(Instructions to follow):
Below are records; please set down exactly the lines from the first through the one containing "Bengkalis – Mengantisipasi".

Source data
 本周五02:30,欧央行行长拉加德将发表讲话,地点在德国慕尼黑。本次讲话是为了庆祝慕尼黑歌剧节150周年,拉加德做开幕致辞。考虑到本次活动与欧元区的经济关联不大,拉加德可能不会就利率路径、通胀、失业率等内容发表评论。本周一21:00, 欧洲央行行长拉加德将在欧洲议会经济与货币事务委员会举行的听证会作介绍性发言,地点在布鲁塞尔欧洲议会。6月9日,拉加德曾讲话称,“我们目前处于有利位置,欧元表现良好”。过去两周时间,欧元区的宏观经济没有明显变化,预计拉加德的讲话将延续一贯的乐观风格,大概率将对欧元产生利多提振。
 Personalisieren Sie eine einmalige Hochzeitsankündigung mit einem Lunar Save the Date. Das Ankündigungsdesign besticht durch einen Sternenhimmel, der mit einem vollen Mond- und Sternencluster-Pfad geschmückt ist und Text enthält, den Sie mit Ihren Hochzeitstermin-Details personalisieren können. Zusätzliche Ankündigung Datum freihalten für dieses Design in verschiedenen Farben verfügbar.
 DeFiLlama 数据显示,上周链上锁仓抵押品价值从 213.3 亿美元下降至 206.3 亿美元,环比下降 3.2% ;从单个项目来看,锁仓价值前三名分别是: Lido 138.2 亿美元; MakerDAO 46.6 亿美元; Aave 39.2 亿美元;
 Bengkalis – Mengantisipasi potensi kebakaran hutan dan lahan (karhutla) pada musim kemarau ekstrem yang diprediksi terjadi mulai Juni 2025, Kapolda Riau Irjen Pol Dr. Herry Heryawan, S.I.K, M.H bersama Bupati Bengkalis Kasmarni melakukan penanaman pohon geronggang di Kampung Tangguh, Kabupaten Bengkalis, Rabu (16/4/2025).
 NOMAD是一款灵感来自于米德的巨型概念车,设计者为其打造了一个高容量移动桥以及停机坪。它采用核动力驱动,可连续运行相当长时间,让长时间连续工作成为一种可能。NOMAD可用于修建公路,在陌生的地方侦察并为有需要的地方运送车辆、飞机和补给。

(Task result):
 本周五02:30,欧央行行长拉加德将发表讲话,地点在德国慕尼黑。本次讲话是为了庆祝慕尼黑歌剧节150周年,拉加德做开幕致辞。考虑到本次活动与欧元区的经济关联不大,拉加德可能不会就利率路径、通胀、失业率等内容发表评论。本周一21:00, 欧洲央行行长拉加德将在欧洲议会经济与货币事务委员会举行的听证会作介绍性发言,地点在布鲁塞尔欧洲议会。6月9日,拉加德曾讲话称,“我们目前处于有利位置,欧元表现良好”。过去两周时间,欧元区的宏观经济没有明显变化,预计拉加德的讲话将延续一贯的乐观风格,大概率将对欧元产生利多提振。
 Personalisieren Sie eine einmalige Hochzeitsankündigung mit einem Lunar Save the Date. Das Ankündigungsdesign besticht durch einen Sternenhimmel, der mit einem vollen Mond- und Sternencluster-Pfad geschmückt ist und Text enthält, den Sie mit Ihren Hochzeitstermin-Details personalisieren können. Zusätzliche Ankündigung Datum freihalten für dieses Design in verschiedenen Farben verfügbar.
 DeFiLlama 数据显示,上周链上锁仓抵押品价值从 213.3 亿美元下降至 206.3 亿美元,环比下降 3.2% ;从单个项目来看,锁仓价值前三名分别是: Lido 138.2 亿美元; MakerDAO 46.6 亿美元; Aave 39.2 亿美元;
 Bengkalis – Mengantisipasi potensi kebakaran hutan dan lahan (karhutla) pada musim kemarau ekstrem yang diprediksi terjadi mulai Juni 2025, Kapolda Riau Irjen Pol Dr. Herry Heryawan, S.I.K, M.H bersama Bupati Bengkalis Kasmarni melakukan penanaman pohon geronggang di Kampung Tangguh, Kabupaten Bengkalis, Rabu (16/4/2025).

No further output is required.